Is sherry cask whiskey Kosher?


Article: How is your Scotch “finished”?

Aging whisky is an art that endeavors to produce optimal taste and smoothness with a precise blend of ingredients and methods. Many producers (specifically of Scotch whiskies) have reintroduced the practice of storing the spirit in casks that were previously used for wine, called “sherry finishing.” Contemporary poskim question whether this process may place the resulting spirits under the issur d’rabbanan (Rabbinic restriction) of stam yainam (wine produced by non-Jews). The wine product that remains absorbed in the walls of the empty casks would seemingly be halachically insignificant according to the principle of bittul b’shishim (nullified by a volume of sixty times to one) —or even, as in some cases of stam yainam, bittul b’shishah (six parts to one). However, there are caveats that override the dispensation of bittul: If the sherry imparts a distinct flavor to the whisky—milsa d’avida l’taama (something added to provide taste)—it cannot be batel; in addition, whisky matured in sherry-infused barrels may be considered derech asiyaso b’kach (the recipe usually includes this ingredient) and likewise not subject to the rule of bittul.*

One aspect of matured whisky which is controversial—among the whisky-makers, as well—is whether the wine actually adds flavor to the end-product. Some maintain that it is simply the quality of the wood that helps the whisky process or, as some experts posit, the earlier production of the sherry neutralizes the negative effects new wood casks would have on the whisky. If either is the case, the sherry would indeed be batel.

In practice, if people drinking the whisky do not detect the influence of sherry (according to some whisky connoisseurs a short “sherry finishing” once the whisky is already quite aged does not necessarily improve the product) there is room for leniency, since the improved taste may be attributed to any one of many factors.
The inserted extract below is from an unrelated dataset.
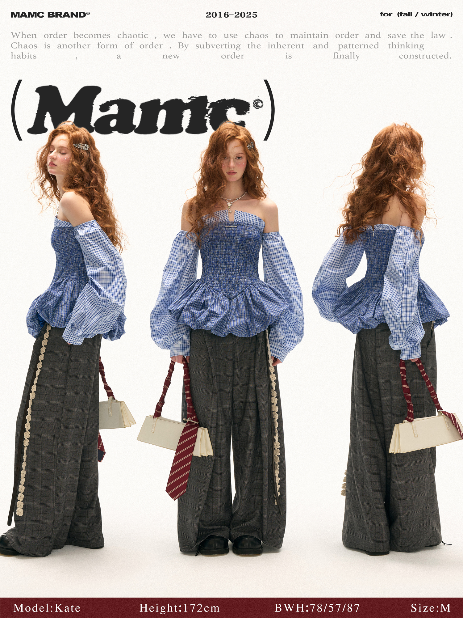 Mamc Striped Ruched Bandeau Bubble Dress, New Autumn Seaside Dress for Women, Blue High-End Patchwork Dress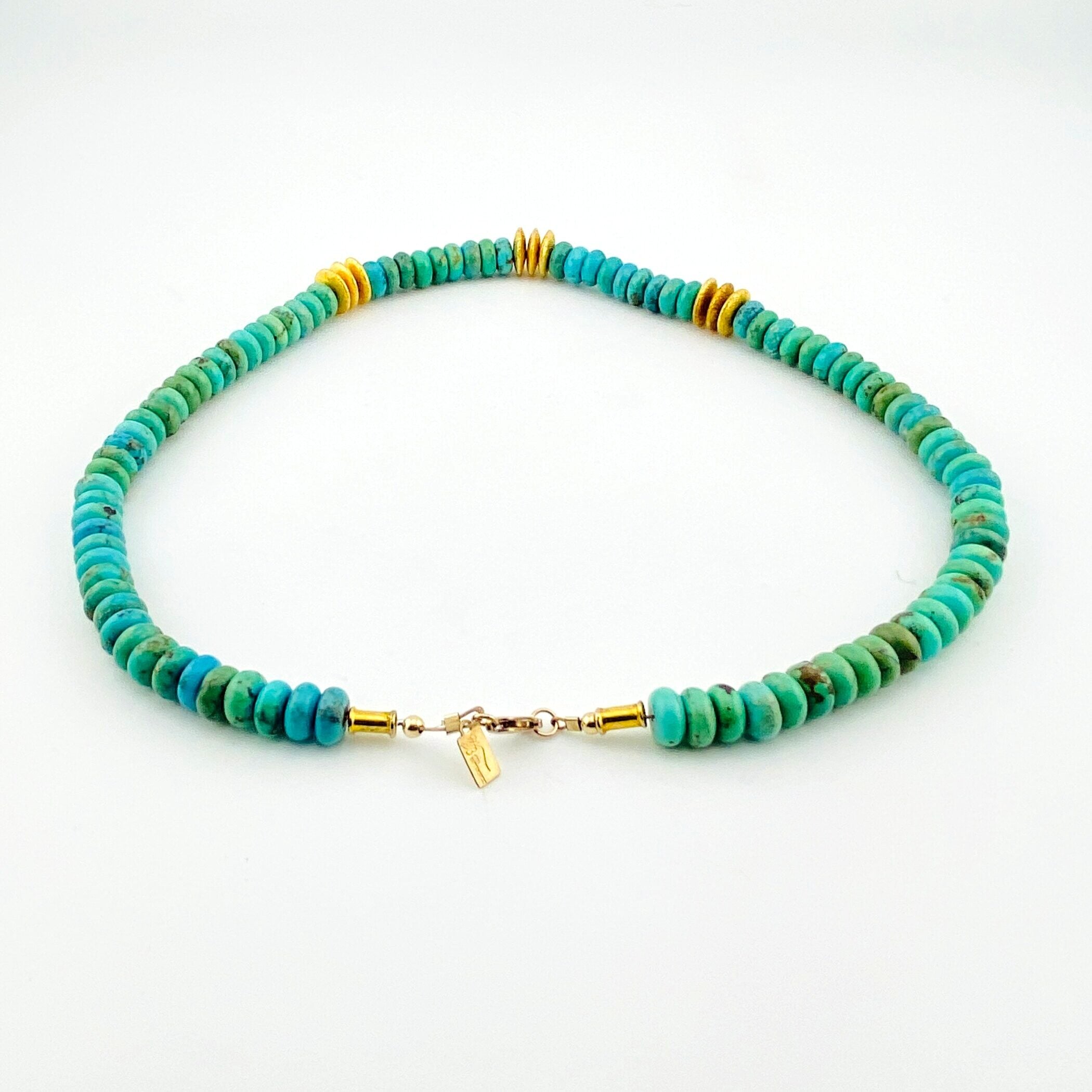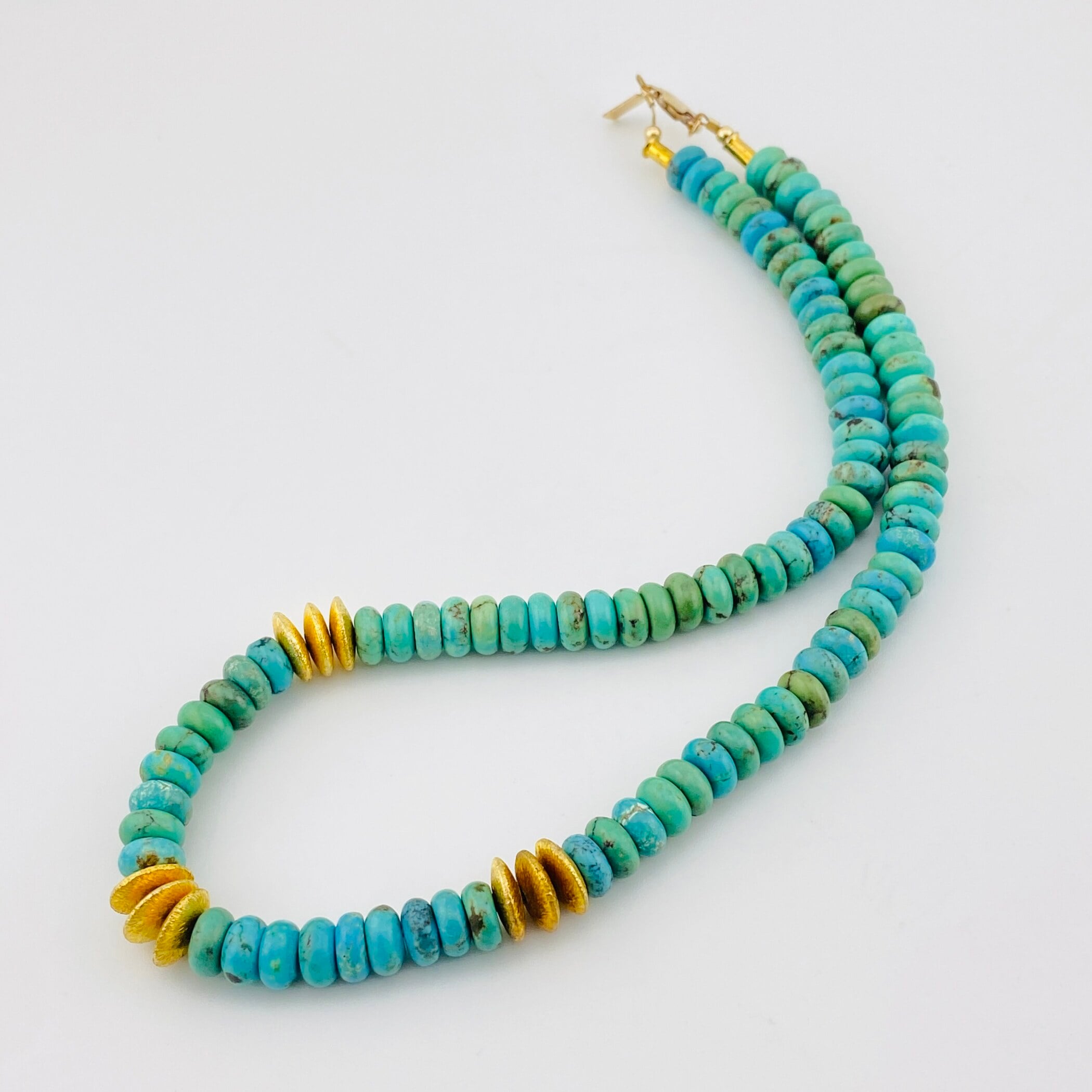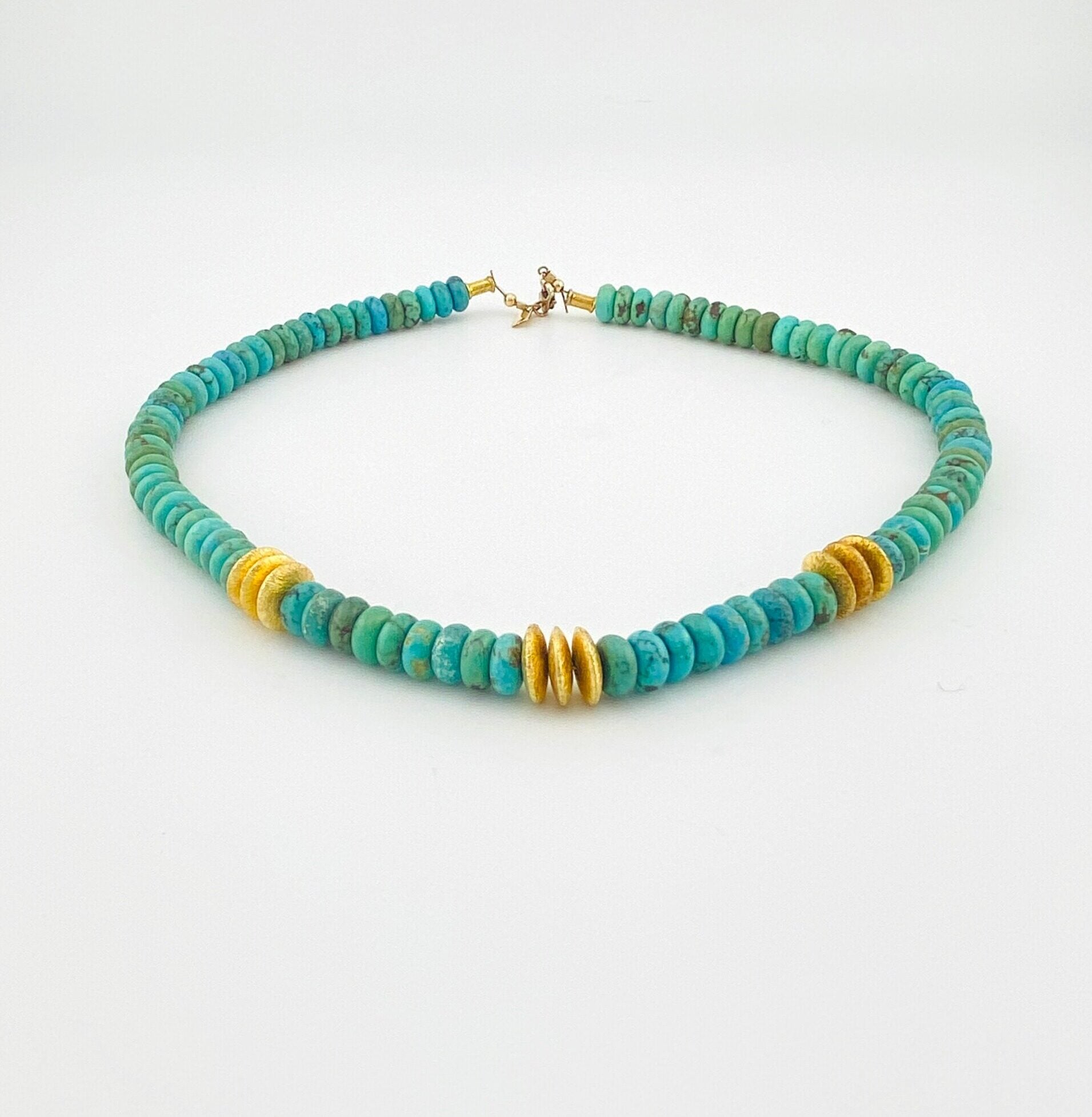 Unlike traditional heishi, the beads are softly rounded rather than cut flat, giving the piece a more fluid, sculptural presence. The turquoise displays natural variation, with light brown veining and gentle shifts in tone that highlight its untreated character.

If indeed the improved taste is not attributable to the wine itself, it may be a case of applying the halachic principle of zeh v’zeh gorem (caused both by this [kosher] and by this [non-kosher]): the smooth, fruity flavor is a result of a kosher component (the wood) which is ostensibly at least as important to the product as the non-kosher ingredient (the sherry) and can therefore override it.

In addition, the fact is that sherry finishing is an expensive prospect for whisky producers; bottles not labeled as such are possibly not of concern. However, the kosher consumer should be stringent not to use whisky brands that clearly label their product as having been aged in sherry or other wine casks. Kashrus agencies have listings of the kosher status of many types of spirits—including which whiskies contain sherry, which possibly do, and which are not a problem at all.


*See Halacha #536 for a list of bittul b’shishim exclusions in commercial food production.